Example: [2, 1, 5, 6, 2, 3] → 10 (the rectangle over bars at indices 2 and 3, height 5, width 2).
This is one of the most elegant stack applications — the O(n) solution is far from obvious.
function largestRectangleInHistogram(heights) {
// Append a sentinel 0 so all bars are flushed at the end
const bars = [...heights, 0];
const stack = [-1]; // sentinel index
let maxArea = 0;
for (let i = 0; i < bars.length; i++) {
// Pop all bars taller than the current bar
while (stack[stack.length - 1] !== -1 && bars[stack[stack.length - 1]] >= bars[i]) {
const height = bars[stack.pop()];
const width = i - stack[stack.length - 1] - 1;
maxArea = Math.max(maxArea, height * width);
}
stack.push(i);
}
return maxArea;
}
// Examples
console.log(largestRectangleInHistogram([2, 1, 5, 6, 2, 3])); // 10
console.log(largestRectangleInHistogram([2, 4])); // 4
console.log(largestRectangleInHistogram([1])); // 1
console.log(largestRectangleInHistogram([6, 2, 5, 4, 5, 1, 6])); // 12
/*
Walk-through for [2,1,5,6,2,3,0]:
i=0 h=2: push 0 stack: [-1,0]
i=1 h=1: pop 0 (h=2, w=1-(-1)-1=1, area=2), push 1 stack: [-1,1]

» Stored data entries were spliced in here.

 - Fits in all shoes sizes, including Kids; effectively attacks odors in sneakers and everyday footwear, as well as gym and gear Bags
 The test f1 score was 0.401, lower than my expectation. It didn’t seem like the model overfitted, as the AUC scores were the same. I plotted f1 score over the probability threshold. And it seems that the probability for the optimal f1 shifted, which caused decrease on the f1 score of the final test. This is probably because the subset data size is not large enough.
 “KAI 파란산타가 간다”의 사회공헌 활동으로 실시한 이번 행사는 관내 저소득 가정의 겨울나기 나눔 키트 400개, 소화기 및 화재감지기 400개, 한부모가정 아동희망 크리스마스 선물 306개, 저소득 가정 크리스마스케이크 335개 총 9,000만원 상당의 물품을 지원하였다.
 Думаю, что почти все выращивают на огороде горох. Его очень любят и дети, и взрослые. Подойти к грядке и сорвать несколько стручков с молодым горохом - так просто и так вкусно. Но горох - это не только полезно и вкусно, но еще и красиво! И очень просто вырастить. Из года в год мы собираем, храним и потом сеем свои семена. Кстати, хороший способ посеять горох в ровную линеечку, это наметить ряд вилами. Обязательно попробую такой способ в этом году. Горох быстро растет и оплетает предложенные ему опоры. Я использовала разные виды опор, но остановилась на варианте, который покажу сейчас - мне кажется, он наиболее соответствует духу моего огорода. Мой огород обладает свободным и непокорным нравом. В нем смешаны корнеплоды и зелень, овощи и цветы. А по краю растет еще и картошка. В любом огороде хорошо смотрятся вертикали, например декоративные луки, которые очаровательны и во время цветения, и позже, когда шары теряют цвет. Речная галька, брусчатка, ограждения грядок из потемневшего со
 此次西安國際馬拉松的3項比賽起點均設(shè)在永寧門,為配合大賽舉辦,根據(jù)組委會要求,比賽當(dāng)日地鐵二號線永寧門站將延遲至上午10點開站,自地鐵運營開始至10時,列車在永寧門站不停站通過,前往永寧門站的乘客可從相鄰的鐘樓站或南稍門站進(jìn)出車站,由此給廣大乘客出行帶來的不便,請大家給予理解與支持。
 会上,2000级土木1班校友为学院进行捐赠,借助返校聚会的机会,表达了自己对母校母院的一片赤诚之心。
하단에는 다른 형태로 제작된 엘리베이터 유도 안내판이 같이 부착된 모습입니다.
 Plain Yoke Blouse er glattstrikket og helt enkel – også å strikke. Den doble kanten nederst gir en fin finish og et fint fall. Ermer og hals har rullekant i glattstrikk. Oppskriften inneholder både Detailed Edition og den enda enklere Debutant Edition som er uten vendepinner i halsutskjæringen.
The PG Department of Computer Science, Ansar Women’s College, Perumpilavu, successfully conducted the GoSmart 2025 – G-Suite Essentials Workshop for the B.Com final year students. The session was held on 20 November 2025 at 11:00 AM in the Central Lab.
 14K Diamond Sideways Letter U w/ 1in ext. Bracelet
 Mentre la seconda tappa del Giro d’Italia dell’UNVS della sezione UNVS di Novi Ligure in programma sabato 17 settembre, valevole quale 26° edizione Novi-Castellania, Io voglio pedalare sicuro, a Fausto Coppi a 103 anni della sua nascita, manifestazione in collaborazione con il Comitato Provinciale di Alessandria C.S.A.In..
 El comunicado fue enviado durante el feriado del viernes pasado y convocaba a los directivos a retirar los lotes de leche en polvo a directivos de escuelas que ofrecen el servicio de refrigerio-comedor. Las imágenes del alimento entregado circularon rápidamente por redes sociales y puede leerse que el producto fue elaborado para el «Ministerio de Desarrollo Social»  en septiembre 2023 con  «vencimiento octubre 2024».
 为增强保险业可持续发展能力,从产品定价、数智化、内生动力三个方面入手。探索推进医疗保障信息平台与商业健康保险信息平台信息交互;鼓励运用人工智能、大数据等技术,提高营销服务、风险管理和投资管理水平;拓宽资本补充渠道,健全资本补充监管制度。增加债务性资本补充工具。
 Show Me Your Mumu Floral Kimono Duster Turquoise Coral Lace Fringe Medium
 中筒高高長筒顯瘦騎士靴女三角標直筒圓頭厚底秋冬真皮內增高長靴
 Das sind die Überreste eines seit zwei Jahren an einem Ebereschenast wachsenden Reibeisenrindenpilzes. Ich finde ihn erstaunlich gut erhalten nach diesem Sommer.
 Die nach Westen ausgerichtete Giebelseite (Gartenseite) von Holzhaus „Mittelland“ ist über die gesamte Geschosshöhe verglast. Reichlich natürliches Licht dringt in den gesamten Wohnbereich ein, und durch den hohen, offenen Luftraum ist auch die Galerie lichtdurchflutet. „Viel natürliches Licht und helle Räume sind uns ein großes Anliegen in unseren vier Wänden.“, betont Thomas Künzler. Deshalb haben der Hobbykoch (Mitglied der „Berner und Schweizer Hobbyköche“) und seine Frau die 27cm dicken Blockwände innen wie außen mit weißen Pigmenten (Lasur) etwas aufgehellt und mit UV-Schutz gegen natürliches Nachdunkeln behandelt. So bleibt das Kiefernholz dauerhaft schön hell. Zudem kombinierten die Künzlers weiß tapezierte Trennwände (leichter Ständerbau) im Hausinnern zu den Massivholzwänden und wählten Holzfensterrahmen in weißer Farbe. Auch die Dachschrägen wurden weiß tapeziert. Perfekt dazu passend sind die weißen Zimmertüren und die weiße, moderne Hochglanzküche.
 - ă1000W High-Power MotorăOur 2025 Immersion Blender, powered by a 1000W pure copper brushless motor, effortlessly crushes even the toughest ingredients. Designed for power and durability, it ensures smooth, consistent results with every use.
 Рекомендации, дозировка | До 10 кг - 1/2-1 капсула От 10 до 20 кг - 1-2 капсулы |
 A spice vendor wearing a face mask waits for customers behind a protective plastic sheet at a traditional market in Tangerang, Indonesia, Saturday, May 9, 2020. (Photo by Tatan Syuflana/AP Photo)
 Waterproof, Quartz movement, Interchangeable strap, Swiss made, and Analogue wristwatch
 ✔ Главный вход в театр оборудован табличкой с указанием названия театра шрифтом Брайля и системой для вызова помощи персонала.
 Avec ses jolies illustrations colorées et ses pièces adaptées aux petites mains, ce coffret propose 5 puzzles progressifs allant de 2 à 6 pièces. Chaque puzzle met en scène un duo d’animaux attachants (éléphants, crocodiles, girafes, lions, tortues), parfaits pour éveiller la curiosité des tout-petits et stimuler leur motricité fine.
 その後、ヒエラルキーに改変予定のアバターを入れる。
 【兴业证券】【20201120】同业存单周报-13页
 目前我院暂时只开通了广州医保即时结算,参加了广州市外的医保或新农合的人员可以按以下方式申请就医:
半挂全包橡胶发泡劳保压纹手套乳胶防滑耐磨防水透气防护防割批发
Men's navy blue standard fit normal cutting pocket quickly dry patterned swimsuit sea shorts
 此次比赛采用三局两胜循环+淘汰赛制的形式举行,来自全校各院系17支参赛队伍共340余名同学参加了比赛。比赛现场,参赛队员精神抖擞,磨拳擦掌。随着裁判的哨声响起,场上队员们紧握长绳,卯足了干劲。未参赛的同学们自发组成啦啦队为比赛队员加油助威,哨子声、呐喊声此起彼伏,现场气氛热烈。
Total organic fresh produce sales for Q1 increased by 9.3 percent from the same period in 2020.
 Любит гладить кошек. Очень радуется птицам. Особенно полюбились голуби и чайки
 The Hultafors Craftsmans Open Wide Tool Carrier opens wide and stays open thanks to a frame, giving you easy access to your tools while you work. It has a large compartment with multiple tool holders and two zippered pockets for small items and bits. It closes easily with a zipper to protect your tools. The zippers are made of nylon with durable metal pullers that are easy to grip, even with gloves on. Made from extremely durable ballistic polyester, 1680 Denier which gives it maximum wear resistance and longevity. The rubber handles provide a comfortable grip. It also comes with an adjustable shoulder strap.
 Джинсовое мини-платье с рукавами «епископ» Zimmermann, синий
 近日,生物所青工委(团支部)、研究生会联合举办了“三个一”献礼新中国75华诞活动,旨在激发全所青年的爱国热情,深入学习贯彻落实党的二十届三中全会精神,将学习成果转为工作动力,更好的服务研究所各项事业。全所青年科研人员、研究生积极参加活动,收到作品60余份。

i=2 h=5: push 2 stack: [-1,1,2]
i=3 h=6: push 3 stack: [-1,1,2,3]
i=4 h=2: pop 3 (h=6,w=1,area=6), pop 2 (h=5,w=2,area=10), push 4 stack: [-1,1,4]
i=5 h=3: push 5 stack: [-1,1,4,5]
i=6 h=0: pop 5 (h=3,w=1,area=3), pop 4 (h=2,w=4,area=8), pop 1 (h=1,w=6,area=6)
maxArea = 10
*/Operation | Complexity |
|---|---|
Time | O(n) — each bar pushed and popped exactly once |
Space | O(n) — stack holds at most n indices |
7. Daily Temperatures
Given an array temperatures, for each day return the number of days you have to wait until a warmer temperature. If there is no future day with a higher temperature, return 0 for that day.
Example: [73, 74, 75, 71, 69, 72, 76, 73] → [1, 1, 4, 2, 1, 1, 0, 0].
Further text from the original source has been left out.